Distribution of free energies of folding of the proteins in the proteomes of E. coli (blue), yeast (SCE; violet), and worm (CEL; green) at 37°C. The free-energy bin size is 1_RT_. Red shows the distribution obtained from the ProTherm database (19,20) for comparison. The black curve represents the infinite-time solution of an evolutionary model (20).

Figure 2.

Figure 2

Distribution of free energies of folding of the proteins in the proteomes of E. coli, yeast (SCE), and worm (CEL) at 37°C. The free-energy bin size is 1_RT_. The area under each curve equals the total number of proteins in the proteome (4300 for E. coli, 6000 for SCE, and 19,500 for CEL). Color figure is available online.

What we believe is novel in this model is not the calculation of average stability, but the full distribution. It is well known that the average protein is stable by 5–10 kcal/mol. This could be regarded as implying that proteins are quite stable, and therefore that proteomes should be quite stable, too. However, the conclusion from this model is quite different: it is the tail of the distribution that is problematic, not the average protein. This model says that proteome instability arises because of the shape of the distribution: hundreds of proteins are far less stable than the average protein.

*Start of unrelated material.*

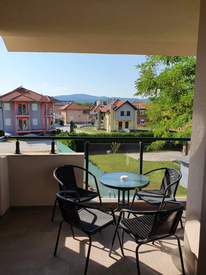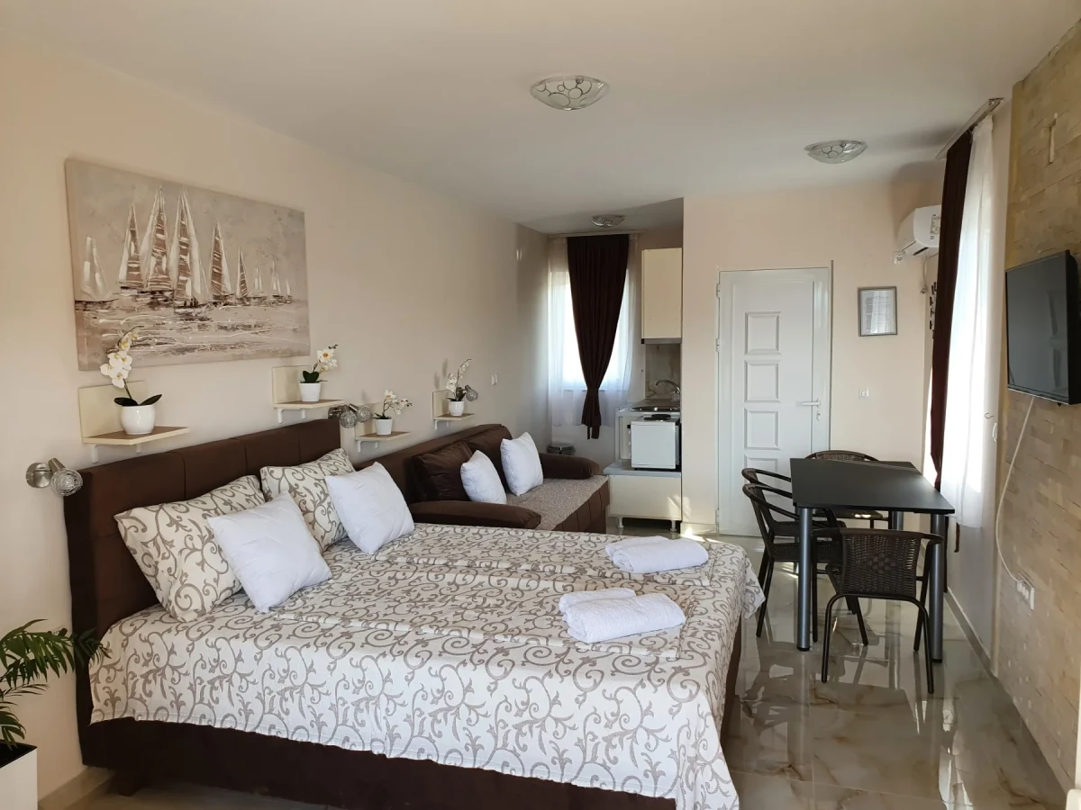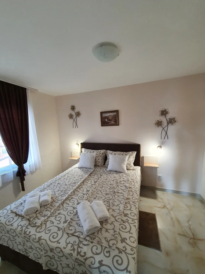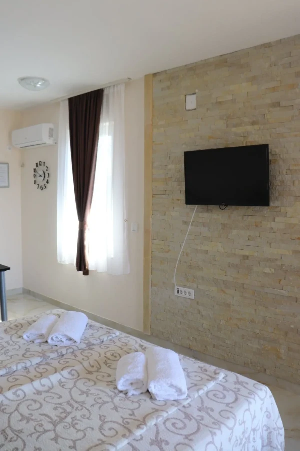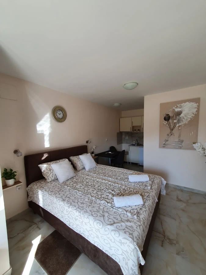 Svaki apartman poseduje kuhinju, kupatilo, terasu, klima uređaj, frižider, televizor i internet.

The proteome denatures in a sharp transition

Killing cells by heating them is important for sterilization and pasteurization. Thermal cell death is a sharp transition, like a phase change. Sharp transitions are also observed for the typical denaturation of individual proteins. What is not known, however, is whether the collective denaturations of all cell proteins coincide with each other as a collective sharp transition of the whole proteome. Our model gives quantitative support to this hypothesis (see Fig. 3). Rearranging Eq. 1 gives the fraction, η(L), of proteins of length L that are unfolded at temperature T:

η(L,T)=11+exp(−ΔG(L,T)/RT) (4)

Figure 3.

Figure 3

Fraction of proteins unfolded in the proteomes of E. coli, yeast (SCE), and worm (CEL) as a function of temperature. Solid circles show the experimentally measured fraction of denatured proteins as a function of temperature for mammalian V79 cells using differential scanning calorimetry (14). Black dashed line shows the prediction based on the copy-number distribution from yeast. Blue dashed line shows the results based on domain-length distribution (33) in the E. coli genome. Orange line shows the same based on domain-length distribution obtained from Protein Data Bank structures (32). Color figure is available online.

Hence, the average fraction of the whole proteome that is unfolded at temperature T is

〈η(T)〉=∫η(L,T)p(L)dL. (5)

Is the equilibrium cell-death temperature of mesophiles universal?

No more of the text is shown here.